Plotting data with matplotlib

Plotting of data is pandas is handled by an external Python module called matplotlib. Like pandas it is a large library and has a venerable history (first released in 2003) and so we couldn't hope to cover all its functionality in this course. To see the wide range of possibilities you have with matplotlib see its example gallery.

Here we will cover the basic uses of it and how it integrates with pandas. While working through these examples you will likely find it very useful to refer to the matplotlib documentation.

First we import pandas and numpy in the same way as we did previously.

In [1]:
import numpy as np
import pandas as pd
from pandas import Series, DataFrame

Some matplotlib functionality is provided directly through pandas (such as the plot() method as we will see) but for much of it you need to import the matplotlib interface itself.

The most common interface to matplotlib is its pyplot module which provides a way to affect the current state of matplotlib directly. By convention this is imported as plt.

We also set the figure format to be SVG so that the plots look a little nicer in our Jupyter notebook.

In [2]:
import matplotlib.pyplot as plt
%config InlineBackend.figure_format = 'svg'

Once we have imported matplotlib we can start calling its functions. Any functions called on the plt object will affect all of matplotlib from that point on in the script.

We first need to import some data to plot. Let's start with the data from the pandas section (available from cetml1659on.dat) and import it into a DataFrame:

In [3]:
df = pd.read_csv(
    'cetml1659on.dat',  # file name
    skiprows=6,  # skip header
    sep='\s+',  # whitespace separated
    na_values=['-99.9', '-99.99'],  # NaNs
)
df.head()
Out[3]:
JAN FEB MAR APR MAY JUN JUL AUG SEP OCT NOV DEC YEAR
1659 3.0 4.0 6.0 7.0 11.0 13.0 16.0 16.0 13.0 10.0 5.0 2.0 8.87
1660 0.0 4.0 6.0 9.0 11.0 14.0 15.0 16.0 13.0 10.0 6.0 5.0 9.10
1661 5.0 5.0 6.0 8.0 11.0 14.0 15.0 15.0 13.0 11.0 8.0 6.0 9.78
1662 5.0 6.0 6.0 8.0 11.0 15.0 15.0 15.0 13.0 11.0 6.0 3.0 9.52
1663 1.0 1.0 5.0 7.0 10.0 14.0 15.0 15.0 13.0 10.0 7.0 5.0 8.63

Pandas integrates matplotlib directly into itself so any dataframe can be plotted easily simply by calling the plot() method on one of the columns. This creates a plot object which you can then edit and alter, for example by setting the axis labels using the plt.ylabel() function before displaying it with plt.show().

Matplotlib operates on a single global state and calling any function on plt will alter that state.

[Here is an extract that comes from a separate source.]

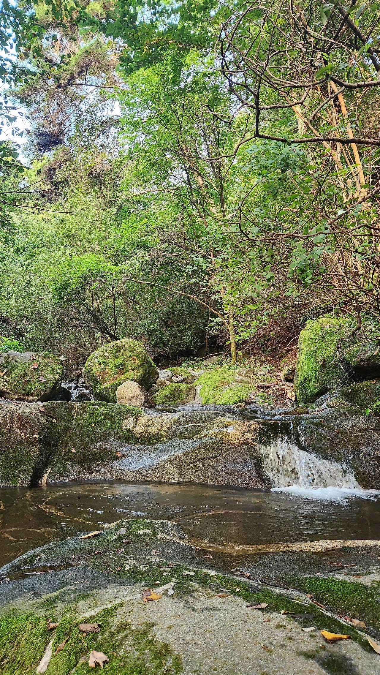 계곡의 냉수는 뒷목을 거쳐 등줄기를 타고 내려간다.

Calling df.plot() sets the currently operating plot. plt.ylabel() then alters that state and plt.show() displays it.

In [4]:
df['JAN'].plot()

plt.ylabel(r'Temperature ($^\circ$C)')

plt.show()

Exercise 3

  • Make sure you can reproduce the plot above. Try tweaking the labels or which column is plotted.
  • Try putting in two plot() calls with different months (January and July for example) before calling show().
In [5]:
# Answer

df['JUL'].plot()
df['JAN'].plot()

plt.ylabel(r'Temperature ($^\circ$C)')

plt.show()

Making it prettier

While it's useful to be able to quickly plot any data we have in front of us, matplotlib's power comes from its configurability. Let's experiment with a dataset and see how much we can change the plot.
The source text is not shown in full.